■ **Records for the task**
::::
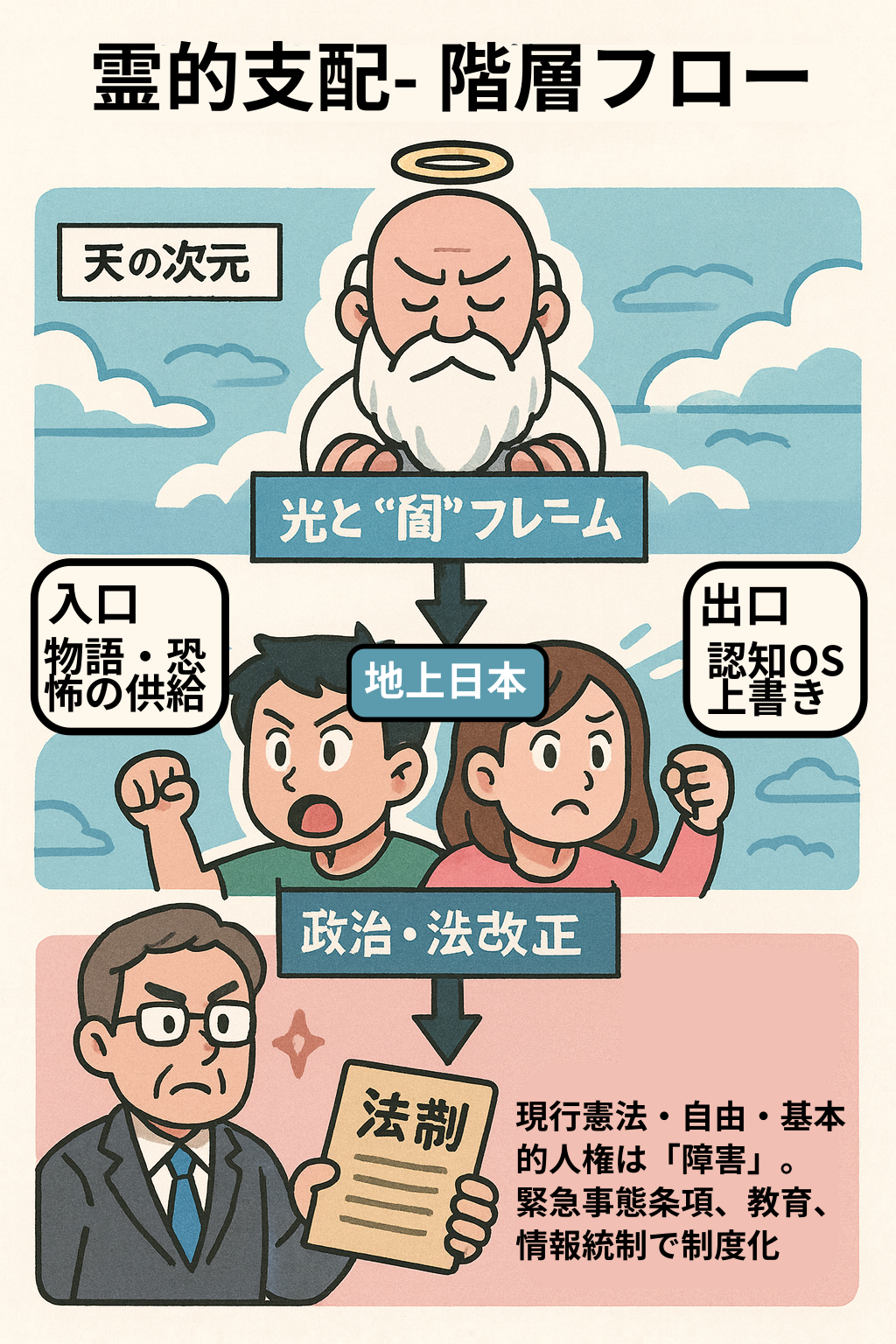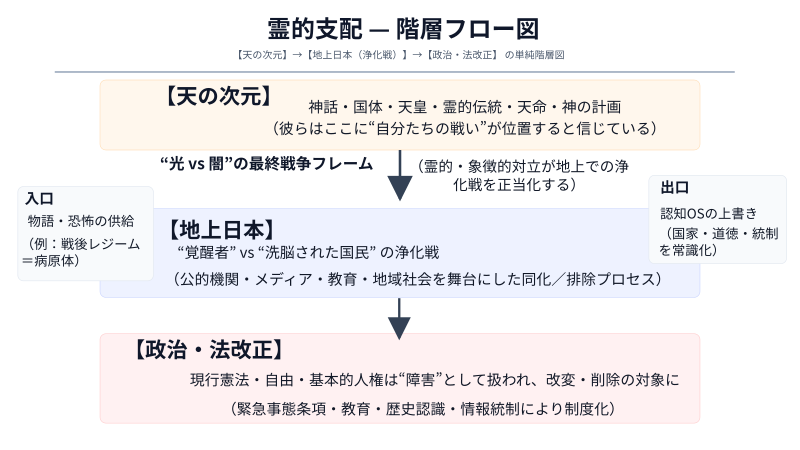| 天上レイヤー | 光の軍(愛国・神・伝統・家族・天皇・神話) vs 闇の軍(グローバリズム・共産・LGBT・AI・悪魔・メディア)という“霊的戦争”が進行中 |
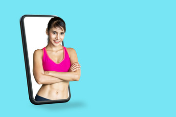 Fitness promotion with confident trainer highlighting gym benefits
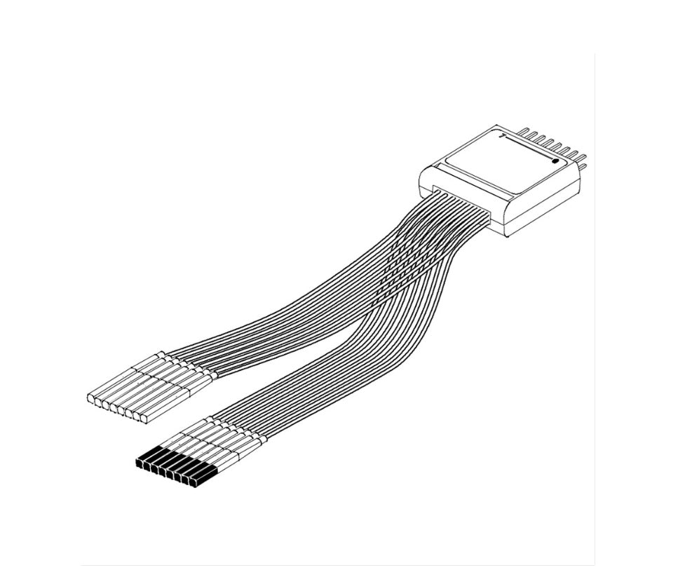 The model 196-3470-01 is an 8-channel leadset designed for single-ended connections. It is compatible with individual connections to backplanes and dense, single-ended configurations within a pin array measuring either 2 mm (0.079 inches) or 2.54 mm (0.1 inches). This leadset features two shared ground connections for all incoming signals. Additionally, each positive lead is equipped with a 150 ohm damping resistor.
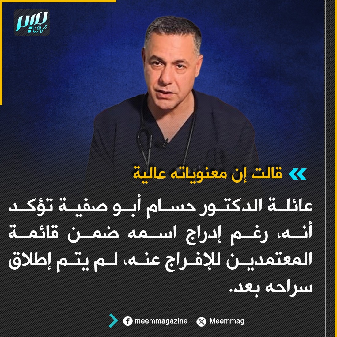 عائلة الدكتور حسام أبو صفية تؤكد أنه، رغم إدراج اسمه ضمن قائمة المعتمدين للإفراج عنه، لم يتم إطلاق سراحه بعد.
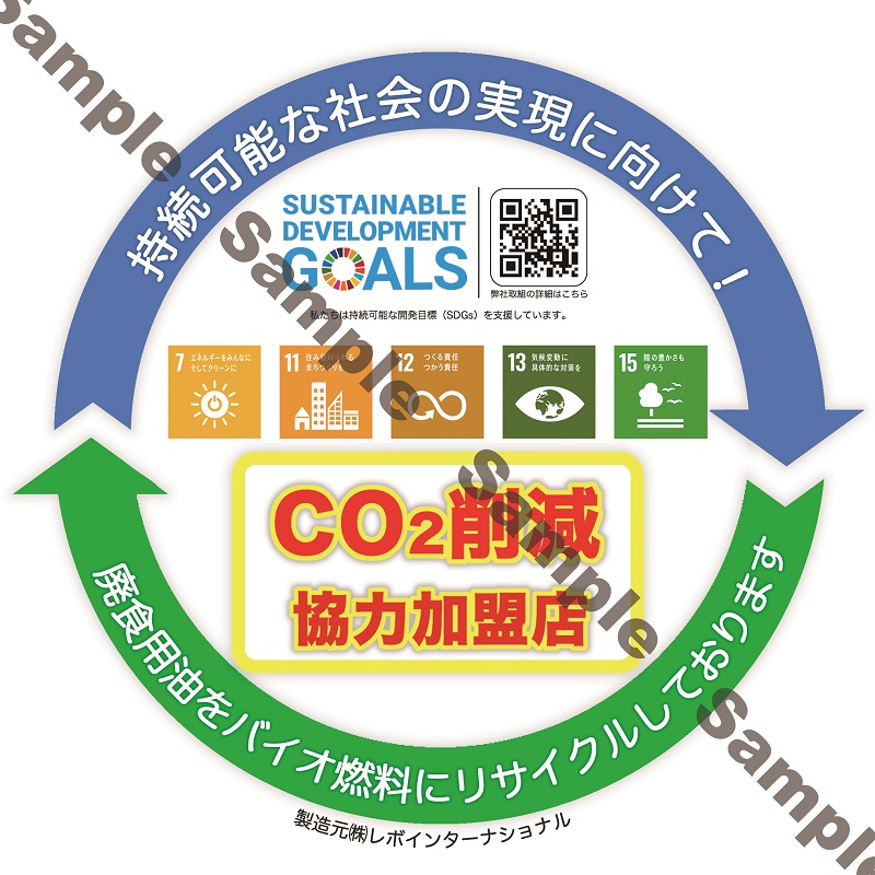 SDGs(Sustainable Development Goals/持続可能な開発目標)の取り組みの一環として、弊社にて廃食用油のお引き取りをさせていただいておりますお客様の店先等で、啓発活動などにご利用いただけますステッカーを配布さていただくことになりました。
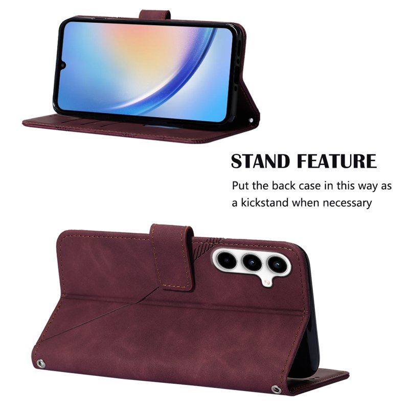 Skydda din Samsung Galaxy A35 5G med detta eleganta läderfodral i vinröd färg. Fodralet är designat för att kombinera stil och funktionalitet. Med en praktisk handrem och en inbyggd ställning är detta fodral perfekt för den moderna livsstilen.
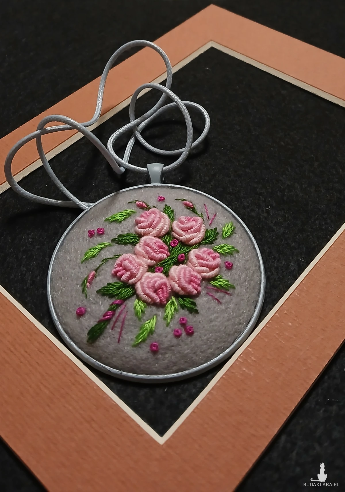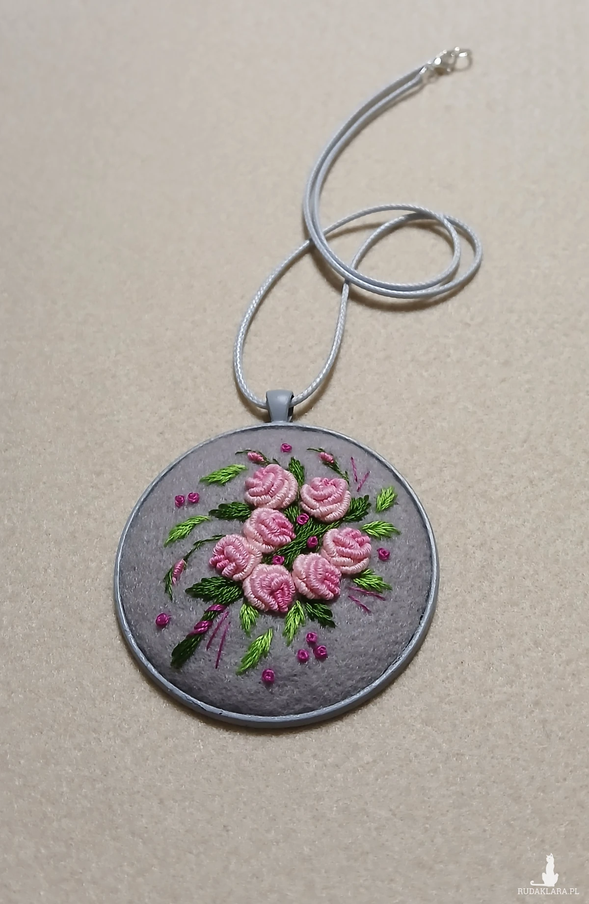 Bukiet różowych róż na lodowej szarości to romantyczne zestawienie kolorów w stylowym ogromnym wisiorze.
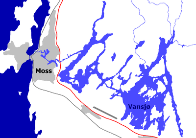 Vansjø strekker seg østover fra Moss. Den røde streken er E6, den tykke og rette grå streken er Moss Lufthavn Rygge.
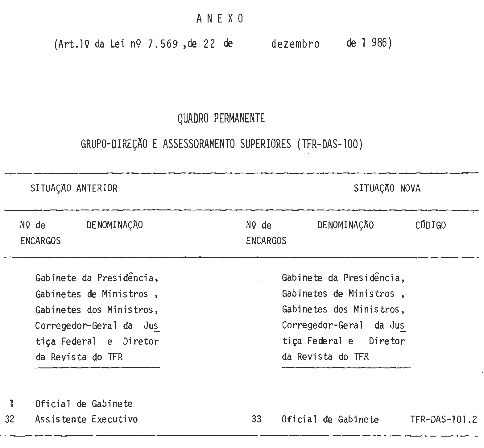 Art. 1º Ficam transformados, na forma do Anexo a esta lei, encargos de representação de gabinete em cargos de provimento em comissão, que integrarão a Categoria de Direção Superior, Código TFR-DAS-101, do Grupo-Direção e Assessoramento Superiores, Código TFR-DAS-100, do Quadro Permanente da Secretaria do Tribunal Federal de Recursos.
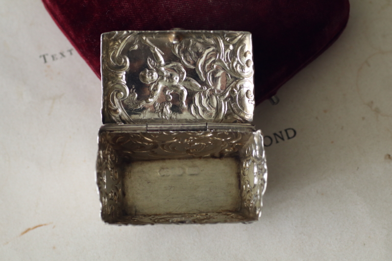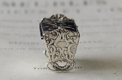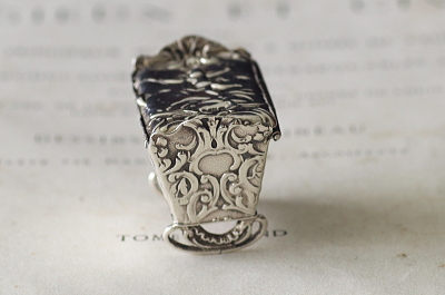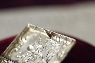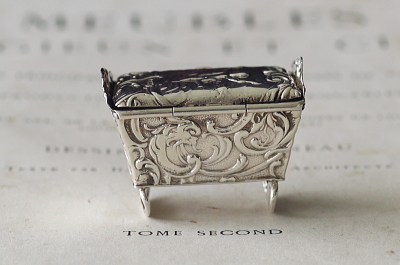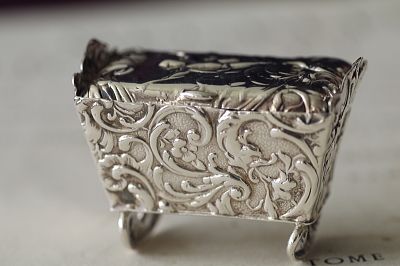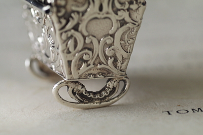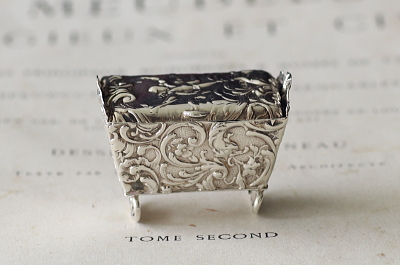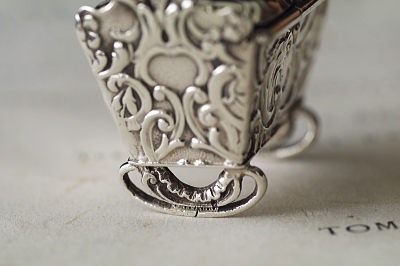 ★A&C15928 ロココの天使 シルバーベビーコット W53,D33,H41mm(39.0g) / ¥36,000.-〔税込み・送料別〕 送料:宅配便送料無料〔3万円以上〕 ◆ご注文方法はこちら◆ シルバーの輝きの中に天使のシルエットが浮かび上がり、四方を優雅なロココ模様で飾られた、華やかなミニチュアベビーコット。ちゃんと揺りかごとして揺れる姿も微笑ましいひと品は、装飾的な銀器で有名なドイツのHanau製。グリム兄弟の街としても有名と聞けば、小さな赤ちゃんの登場する童話もあったかしらと、想像が膨らむ小さなアンティーク。アクセサリーなどの、小物を収められるのも気が利いているポイントです。ホールマークから1898年にドイツからロンドンにインポートされた品と分かる、小さいのに、光を集めて豪華に輝く銀のミニチュア。 特に目立つダメージの見られないきれいなしっかりした状態です。写真のアンティークケースは付属しません。 シルバーのミニチュア、エンジェルヘッズや天使のモチーフのシルバーウェアなどご紹介しています。ページ下部のリンクからご覧ください。 |
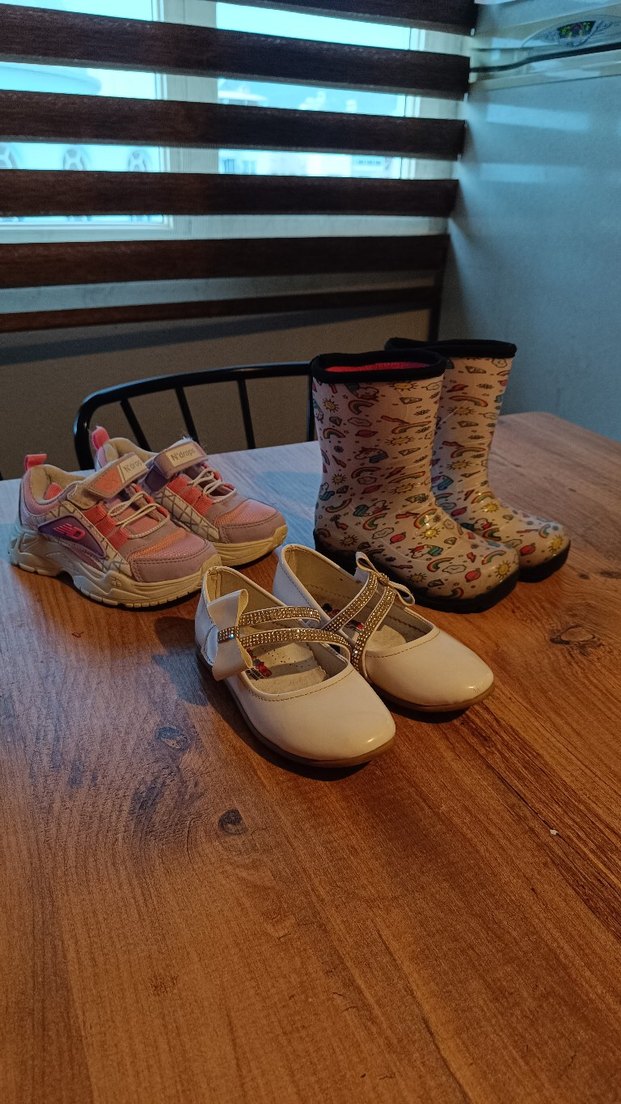 Kız çocuk çeşitli ayakkabılar 3' lü alımda 400.. Tek olarak tanesi 150-200 hiçbir sorunları yoktur.
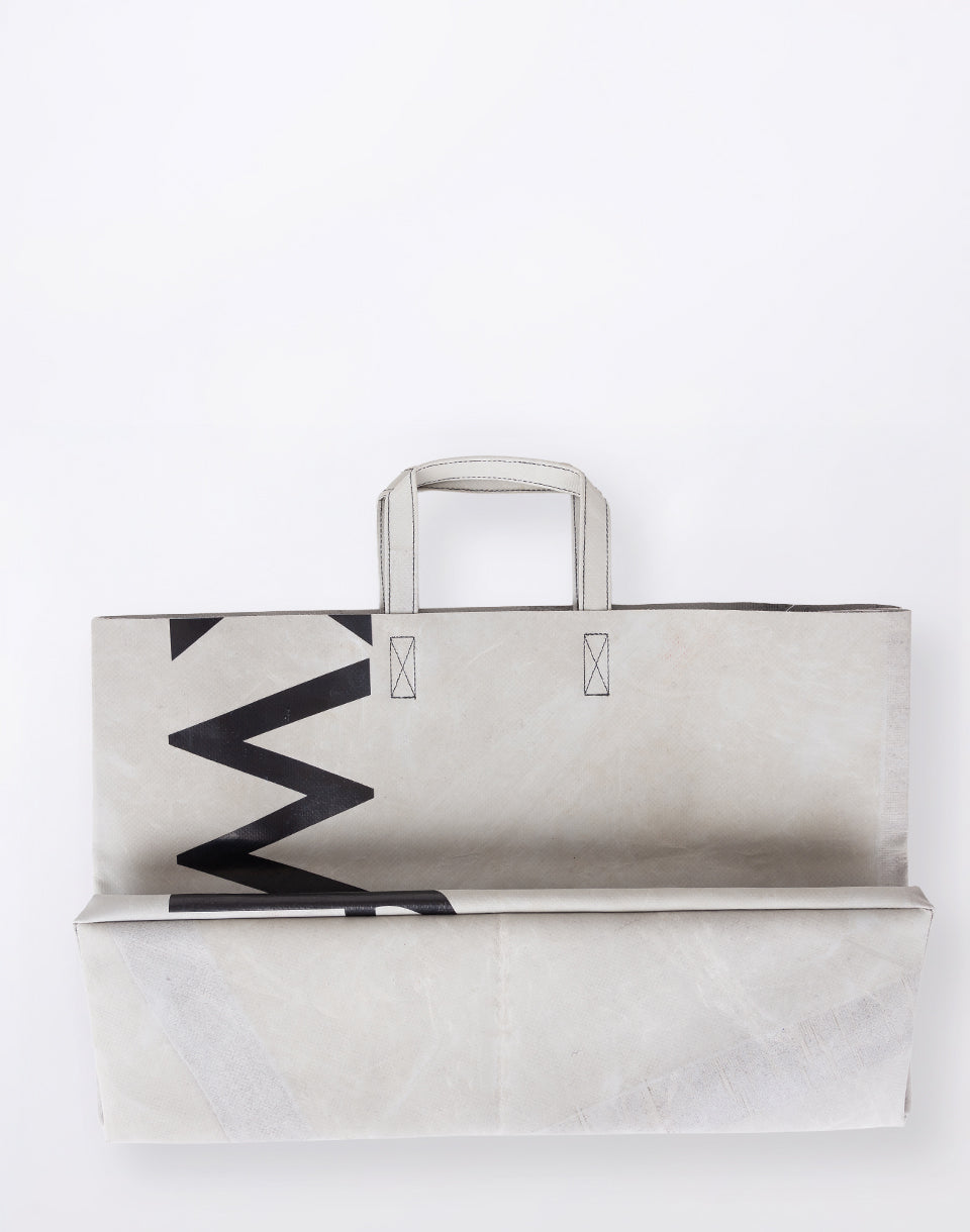 FREITAG F260 Miami Wide - a unique shopping bag made of recycled truck sails, which is based on the look of classic paper bags, but its width makes it unmistakable.
::::
■ **Directions**
Without including a single picture, restate all of the data word for word.

■ **Exercise output**
| 天上レイヤー | 光の軍(愛国・神・伝統・家族・天皇・神話) vs 闇の軍(グローバリズム・共産・LGBT・AI・悪魔・メディア)という“霊的戦争”が進行中 |
 Fitness promotion with confident trainer highlighting gym benefits
 The model 196-3470-01 is an 8-channel leadset designed for single-ended connections. It is compatible with individual connections to backplanes and dense, single-ended configurations within a pin array measuring either 2 mm (0.079 inches) or 2.54 mm (0.1 inches). This leadset features two shared ground connections for all incoming signals. Additionally, each positive lead is equipped with a 150 ohm damping resistor.
 عائلة الدكتور حسام أبو صفية تؤكد أنه، رغم إدراج اسمه ضمن قائمة المعتمدين للإفراج عنه، لم يتم إطلاق سراحه بعد.
 SDGs(Sustainable Development Goals/持続可能な開発目標)の取り組みの一環として、弊社にて廃食用油のお引き取りをさせていただいておりますお客様の店先等で、啓発活動などにご利用いただけますステッカーを配布さていただくことになりました。
 Skydda din Samsung Galaxy A35 5G med detta eleganta läderfodral i vinröd färg. Fodralet är designat för att kombinera stil och funktionalitet. Med en praktisk handrem och en inbyggd ställning är detta fodral perfekt för den moderna livsstilen.
 Bukiet różowych róż na lodowej szarości to romantyczne zestawienie kolorów w stylowym ogromnym wisiorze.
 Vansjø strekker seg østover fra Moss. Den røde streken er E6, den tykke og rette grå streken er Moss Lufthavn Rygge.
 Art. 1º Ficam transformados, na forma do Anexo a esta lei, encargos de representação de gabinete em cargos de provimento em comissão, que integrarão a Categoria de Direção Superior, Código TFR-DAS-101, do Grupo-Direção e Assessoramento Superiores, Código TFR-DAS-100, do Quadro Permanente da Secretaria do Tribunal Federal de Recursos.
 ★A&C15928 ロココの天使 シルバーベビーコット W53,D33,H41mm(39.0g) / ¥36,000.-〔税込み・送料別〕 送料:宅配便送料無料〔3万円以上〕 ◆ご注文方法はこちら◆ シルバーの輝きの中に天使のシルエットが浮かび上がり、四方を優雅なロココ模様で飾られた、華やかなミニチュアベビーコット。ちゃんと揺りかごとして揺れる姿も微笑ましいひと品は、装飾的な銀器で有名なドイツのHanau製。グリム兄弟の街としても有名と聞けば、小さな赤ちゃんの登場する童話もあったかしらと、想像が膨らむ小さなアンティーク。アクセサリーなどの、小物を収められるのも気が利いているポイントです。ホールマークから1898年にドイツからロンドンにインポートされた品と分かる、小さいのに、光を集めて豪華に輝く銀のミニチュア。 特に目立つダメージの見られないきれいなしっかりした状態です。写真のアンティークケースは付属しません。 シルバーのミニチュア、エンジェルヘッズや天使のモチーフのシルバーウェアなどご紹介しています。ページ下部のリンクからご覧ください。 |
 Kız çocuk çeşitli ayakkabılar 3' lü alımda 400.. Tek olarak tanesi 150-200 hiçbir sorunları yoktur.
 FREITAG F260 Miami Wide - a unique shopping bag made of recycled truck sails, which is based on the look of classic paper bags, but its width makes it unmistakable.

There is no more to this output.